The parents' guide to what's in this movie.

Positive Messages

Some people will betray anyone, even those closest to them, if the price is right. A mother must choose between her children and a massive inheritance, and opts to abandon them completely to a terrible fate.

Positive Role Models & Representations

None of the characters are good role models. A mother chooses money over her children and a grandmother seems to relish abusing her grandchildren. And while the kids are clearly the victims in the film, the teenage brother and sister begin to display amorous feeling for each other, though this element of the story is not developed.


A few intense conflicts, including a mother slapping her children, young kids biting and scratching their grandmother, and a teen beating an old woman with a heavy stick. One scene implies that a woman is about to be whipped, and she later reveals that her back is covered with bloody welts.


Though there is no sex, the atmosphere is sometimes sexually charged. Four children are confined in a small attic for a lengthy period, and the teenage son and daughter both seem to develop a sexual interest in each other. The son sometimes washes his sister’s back while she bathes, and they exchange longing glances. This incestuous relationship is a key part of the book upon which the film is based, but in the movie it never goes beyond looks, nor is it even explicitly acknowledged.

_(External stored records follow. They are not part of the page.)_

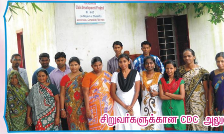
சிறுவர்களுக்கான CDC அலுவலகங்களைப் பார்வையிட்டபோது
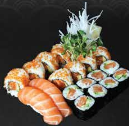
235. Salmon Set D 14,9

2 Tofu Nigiri, 8 Avocado Maki, 8 Veggi I-O
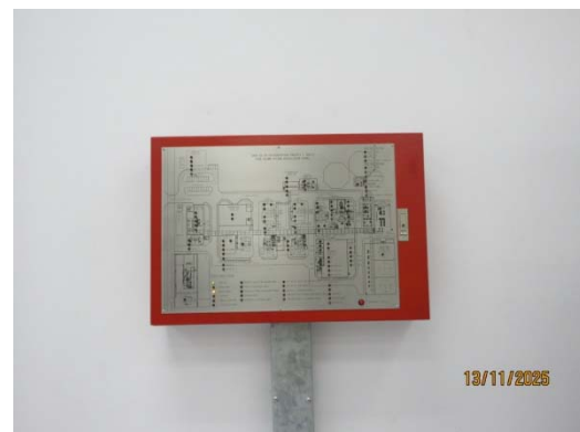
รูปที่ 30 Fire Alarm System

รูปที่ 3.1-1 ภาพถ่ายแสดงการปฏิบัติตามมาตรการป้องกันและแก้ไขผลกระทบสิ่งแวดล้อม โรงไฟฟ้าพลังความร้อนร่วมบางปะอิน บริษัท บางปะอิน โกลเดนเนอเรชั่น จำกัด (ต่อ)
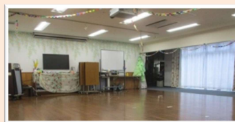
デ イ ル ー ム
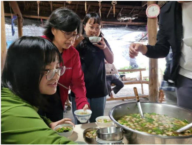
03-與社區長者共作共食
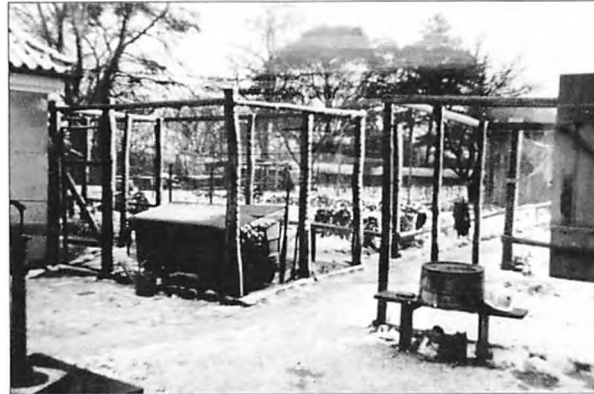
Et kig ud fra vores baggård en vinterdag. Bag ved vores hønsegård skimtes stenmuren ved de høje træer.

Men dette udbrud af lyksalighed var også afslørende for ham, for hvis han i utide sneg sig ned i kælderen uden at sige noget om sin trang, så var der ingen der var i tvivl om
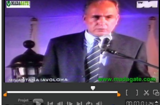
Discours de Hery Rajaonarimampianina, Président de la République, lors de la cérémonie de la prise de possession de la présidence de la République
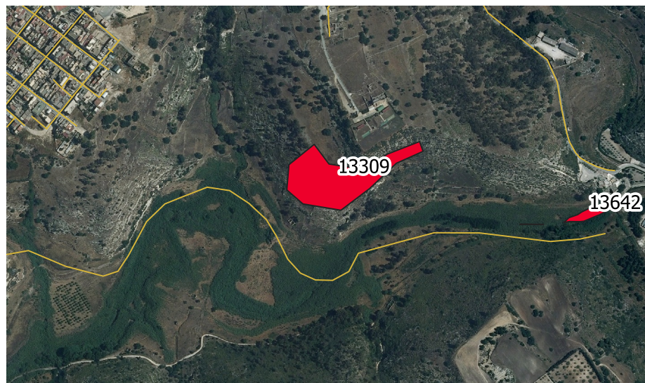
LOCALIZZAZIONE INCENDIO - Scala 1:10.000

One character, in a moment of rage, exclaims “damn you to hell.”

Drinking, Drugs & Smoking

What parents need to know

Parents need to know that this creepy thriller focuses on four siblings in a horrible situation, virtually imprisoned by an abusive grandmother in the isolated attic of a huge mansion. There are a few fight scenes that may not seem very violent compared to the shootouts of they typical action film, but they seem more intense because the participants are family members, including young children and an elderly woman. The kids’ feelings of powerlessness and despair could be tough for younger viewers. The movie suggests, but only barely, the themes of incest that were a central element in the popular book upon which this is based. There’s no nudity or sex, but a few scenes show the teenage girl and boy in moments that seem to border on the inappropriate.

User Reviews

  • Parents say
  • Kids say
Parent Written byknuckleheadmom October 22, 2020

Suspenseful 80’s Film

This movie is very mild. It is often labeled as a horror movie but it is more like a lifetime movie thriller. Language is clean. There is no sex. Mild violence.... Continue reading
Adult Written by90210fan March 16, 2011
Love it as good as the book if u let ur teens watch soaps let them read the book series and watch the movie
Teen, 16 years old Written byJohn A. October 23, 2018

Rated 15 (Contains scenes of child abuse and disturbing images.).

SEX/NUDITY - Some passing references to incest, and very brief nudity. VIOLENCE/GORE - Some moments of moderate violence, and scenes of domestic abuse towards c... Continue reading
Teen, 15 years old Written byCoolbeansIE August 5, 2018

Waste of time

This is nothing like the book, they missed all the important parts, skimmed thru the whole thing. Bad and terrible actors, cheap knock-off of the book. If for s... Continue reading

What's the story?

Life is nearly perfect for the Dollanger family until the father is killed in a car accident, leaving Corinne (Victoria Tennant) with no means to support herself or her four kids. Desperate for money, she makes a hard decision: return to her family estate, make amends with her estranged, and very wealthy parents, and hope to be reinstated into her dying father’s will. Soon after they arrived to a less-than-enthusiastic welcome, the children are shocked when their grandmother insists they be hidden away in an abandoned attic. Hinting at some long-hidden scandal, the grandmother says her sick husband cannot know they even exist -- ever -- and locks the door behind her, imprisoning the teenage Cathy (Kristy Swanson) and Chris and their much younger twin siblings. Long days in their confined quarters turn into weeks, and then months. And as their mother’s visits become more and more infrequent, their grandmother (Louise Fletcher) becomes more and more abusive and tyrannical.

Is it any good?

Based on a popular pulp novel, FLOWERS IN THE ATTIC is a strange bird, despite the story's iconic status. The acting is stiff, the dialog stilted and production values are low. Fans of author V.C. Andrews’ book of the same name may protest. It keeps much of the key details, but eliminates completely the themes that made the book a bestseller. In the book, the teenage Chris and Cathy, confined together for so long as their adolescent hormones surge, develop romantic feelings for each other. This is a novel about forbidden love -- which, of course, was immensely appealing, though disturbing, to readers. The film however, glosses over this, but heightens the cheesy fear factor. It's also a miserable watch: Nothing hopeful happens, really, and in the end, it's hard to maingine what the point really is.The movie comes across as simply about a dysfunctional woman who tortures her grandchildren and her daughter who loses her way. As flowers go, this one's pretty wilted.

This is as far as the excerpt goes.